Thursday, November 13, 2008

Shut Up and Pedal!

I've really been struggling with the situation at work and some issues with my babysitter. I'm having a hard time letting go and letting God. I am working again today and have awakened to an uneasy feeling. Someone told me on Tuesday that pain is very hungry; and pain must consume pain. Often times a person in your life who is causing you a great deal of pain are themselves in a great deal of pain and they are creating pain in you for their pain to consume. Is that clear as mud? It was very enlightening to me. It helps me to have a little bit of compassion for the people who are causing me grief.
When I did a short Bible study in Proverbs this morning I was reminded to, "trust in the Lord with all [my] heart and lean not on [my] own understanding." Proverbs 3:5 There was an illustrative narration in my study by an unknown source:

At first I saw God as my observer, my judge, keeping the things I did wrong, so
as to know whether I merited heaaven or hell when I die...but later on when I recognized God, it seemed as though life was rather like a bike ride, but it was a tandem bike, and I noticed that God was in the back helping me pedal.

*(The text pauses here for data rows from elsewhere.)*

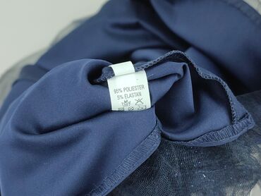 Granatowa sukienka damska z siateczki - Krój: rozkloszowany dół, dopasowana góra - Dekolt i ramiona z transparentnej siateczki, z przodu subtelne wycięcie w kształcie łezki - Tył zapinany na mały ...
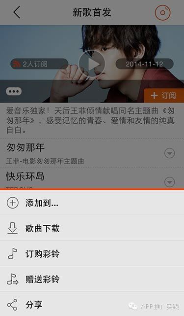 ①作为一款音乐APP,音乐发现应该是最重要的功能之一,“发现“实现了音乐的被动发现功能,定期的内容更新,让用户每次打开APP,都不用愁听什么歌,对于喜欢的板块还可以订阅,更新早知道,此外,收藏歌单以及分享功能都是被包含的。
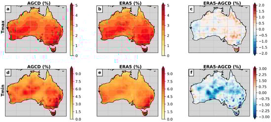 Coefficient of variation for annual mean Tmax and Tmin in ERA5 compared to AGCD. Coefficient of variation of annual mean Tmax values from (a) AGCD, (b) ERA5, and (c) difference between ERA5 and AGCD (d–f); same as (a–c) but for Tmin. Notice the different colorbar limits for Tmax and Tmin.
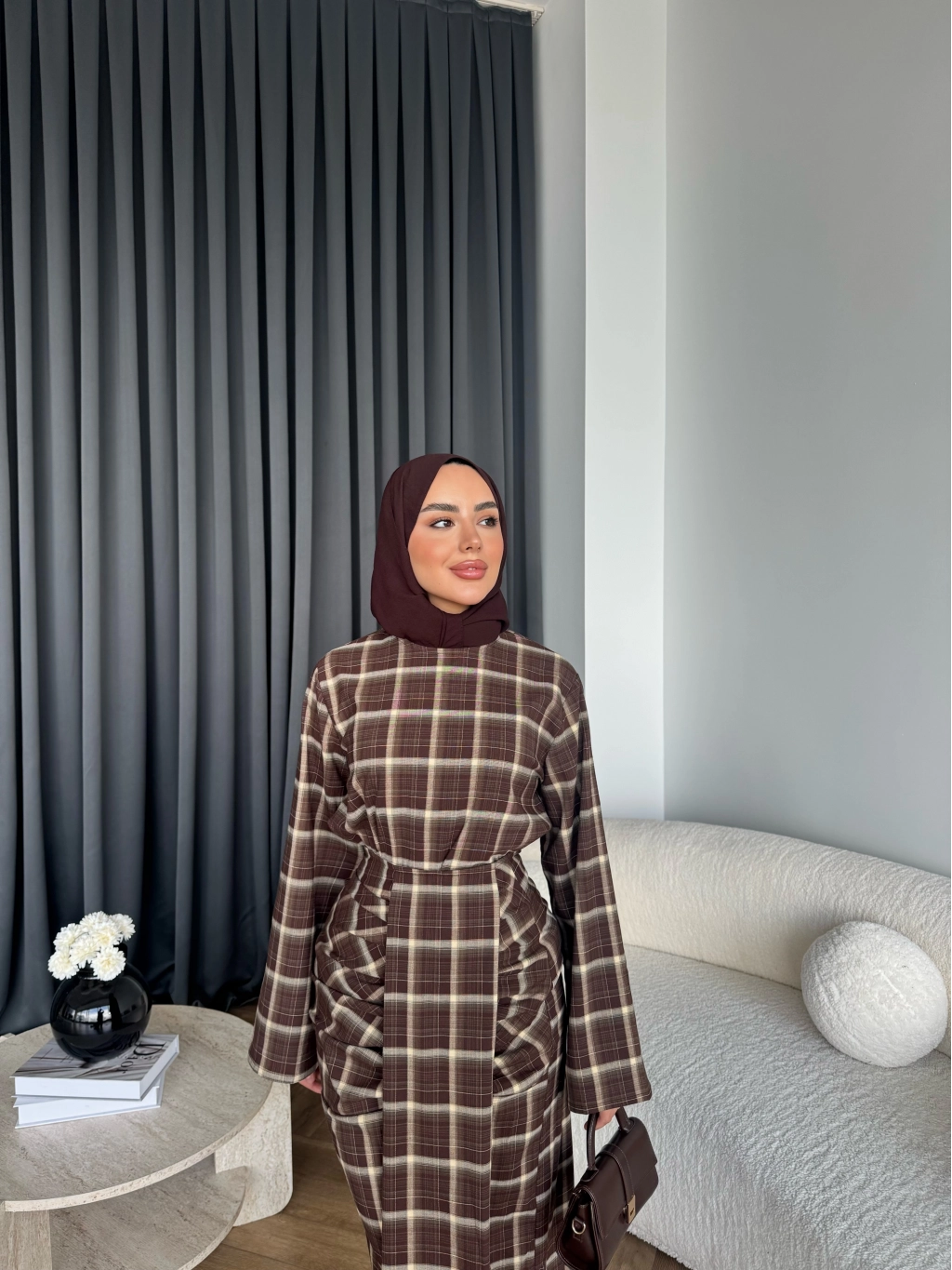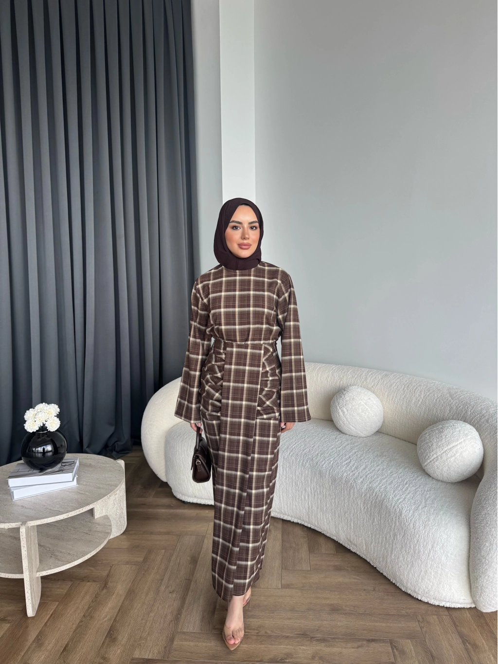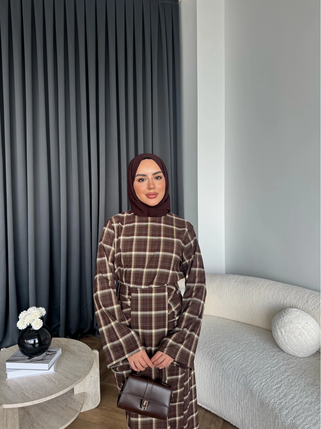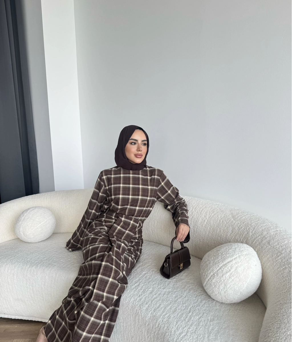 Qu - Carmen Kareli Etekli Takım - Koyu Kahve
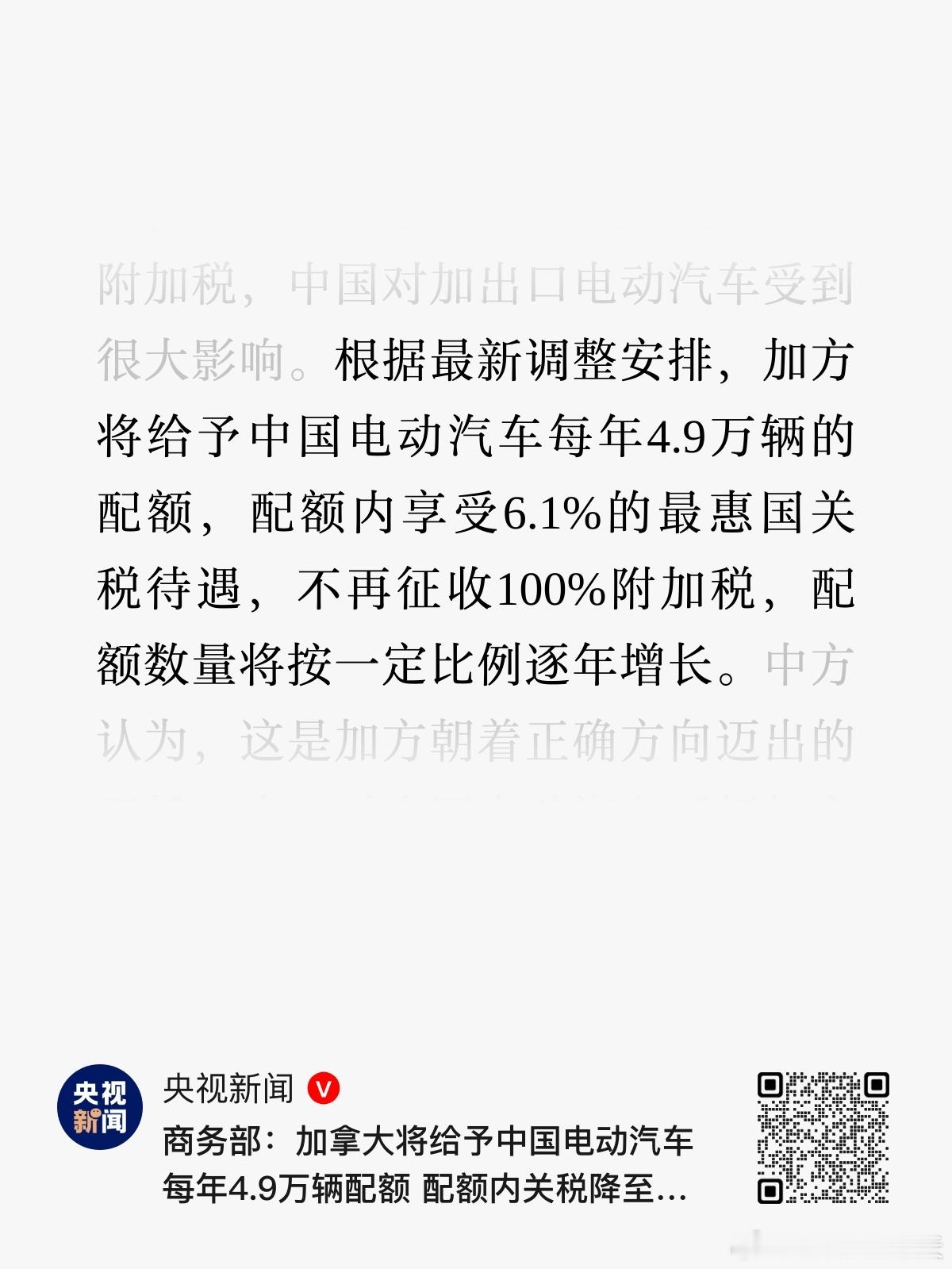 加拿大这波还是可以的~放了4.9万辆的配额,占全年销量大概2.5%(年销量约190万辆),关键数量还会逐渐增长,算是个很好的信号~不过加拿大挺冷的就是,是不是出些增混车合适一点?商务部回应中国电动汽车对加出口细节霸天资讯加拿大将进口4.9万辆中国电车
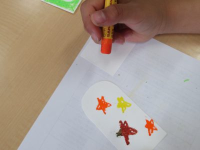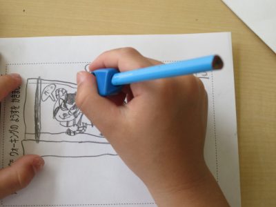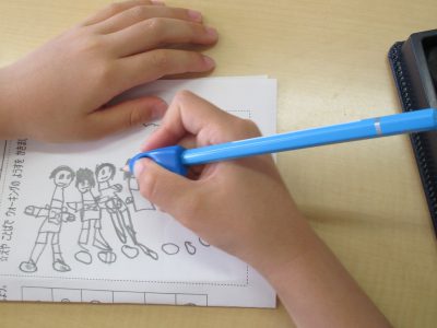 帰校後の振り返りの時間に、特に楽しかった場面を絵に描きました。

I do not know just when it was that He suggested we change places, but life has not been the same since. Life without my God, that is...when I had control I knew the way...it was the shortest distance between two points. But when He took the lead, He knew delightful longcuts, up mountains, through rocky places, and at breakneck speeds! It was all I could do to hang on! Even though it looked like madness, He said, "pedal!" I worried and as anxious and asked, "where are you taking me?" He laughed and didn't answer. I started to learn to
trust. I forgot my boring life and entered into adventure. And when I'd say "I am scared," He's lean
back and touch my hand...I did not trust Him in control of my life at first, I thought He'd wreck it.
But He knows bike secrets. He knows how to make it bend to take sharp corners, jump to clear high rocks, fly to shorten scary passages. And I am learning to shut up and pedal in the strangest places, and I am beginning to enjoy the view and the cool breeze on my face with my delightful, constant companion, my God. And when I am sure I just cannot do anymore, He smiles and says, "pedal."

I long for the day when I can be in this place. To be more trusting of my God, to remeber that He's in control, that He will get me through the rocky places, that He is a great navigator of all things difficult.

May He bless you today and may you allow Him to take the front seat.